Throughout Pride Month, we'll be speaking with firm leaders and members of the LGBTQ+ community about their careers, their lives outside of work, and their thoughts on advancing representation in the workplace. In this interview, we hear from LGBTQA Resource Group partner chair Marissa Wiley.
Are there LGBTQ+ role models that influenced your decision to become an attorney?
Elle Woods (of course).
What is the first fun thing you’ll do post-COVID, that you haven’t been doing?
Yoga in a studio with a live teacher and other students. Air travel is a close second.
What is something (other than the law) you are great at doing?

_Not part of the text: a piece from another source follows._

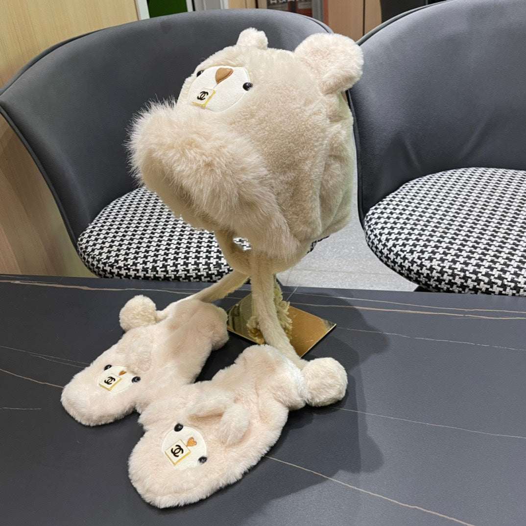 • Three-Piece Set for women, featuring a cute bear-shaped plush hood, scarf, and gloves, ideal for autumn and winter.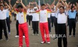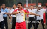 Panglima TNI Marsekal Hadi Tjahjanto melakukan senam saat olahraga bersama di Markas Besar TNI, Cilangkap, Jakarta, Selasa (6/3). (FOTO : Republika/Mahmud Muhyidin)

I have a special talent for grounding and empowering people. Friends, family and coworkers come to me to talk through whatever is bothering them at that particular moment, and I am able to listen intently and see through distractions to the core of the matter. I process with them, leaning heavily into my no-nonsense nature, and help them get down to the bottom of it and then problem-solve their way through it. Most of the time, people just need an attitude adjustment and a firm reminder that they are absolutely fabulous just the way they are. I love helping people through tough moments, building them up, and then watching them push through to the next level.
What is one piece of advice you would give to a rising LGBTQ+ attorney?
Never compromise yourself. If a workplace is asking you – scratch that – if you even so much as feel the temptation to tone down your true self in the workplace in order to fit in and succeed, that workplace is not the place for you. Find the work environment that celebrates and supports you exactly as you are. We have reached a point in the evolution of LGBTQ+ human rights in our niche, privileged legal society that anything short of full acceptance, encouragement, and celebration is unacceptable. You will be the happiest and most successful when you are living your truth, and you deserve the space to do that.
What is one thing people in our industry can do to be supportive of efforts to increase the number of LGBTQ+ attorneys advancing in the law?
Speaking to firms such as ours specifically, we have to prioritize elevating LGBTQ+ attorneys into not only equity partnership, but also into the top tier leadership positions. We have to integrate LGBTQ+ attorneys into the top levels at firms in order to create a pathway – and a proof of concept – for other LGBTQ+ attorneys, and other diverse attorneys in general, for progression through the ranks. We also need the ability to bring our unique and valuable perspectives to the table, thereby creating stronger and more inclusive institutions. There is a disproportionately small representation of LGBTQ+ attorneys in the partnership and leadership of law firms generally, and we have to take aggressive and intentional steps to change that inequitable reality. We need to build from the top down, rather than from the bottom up.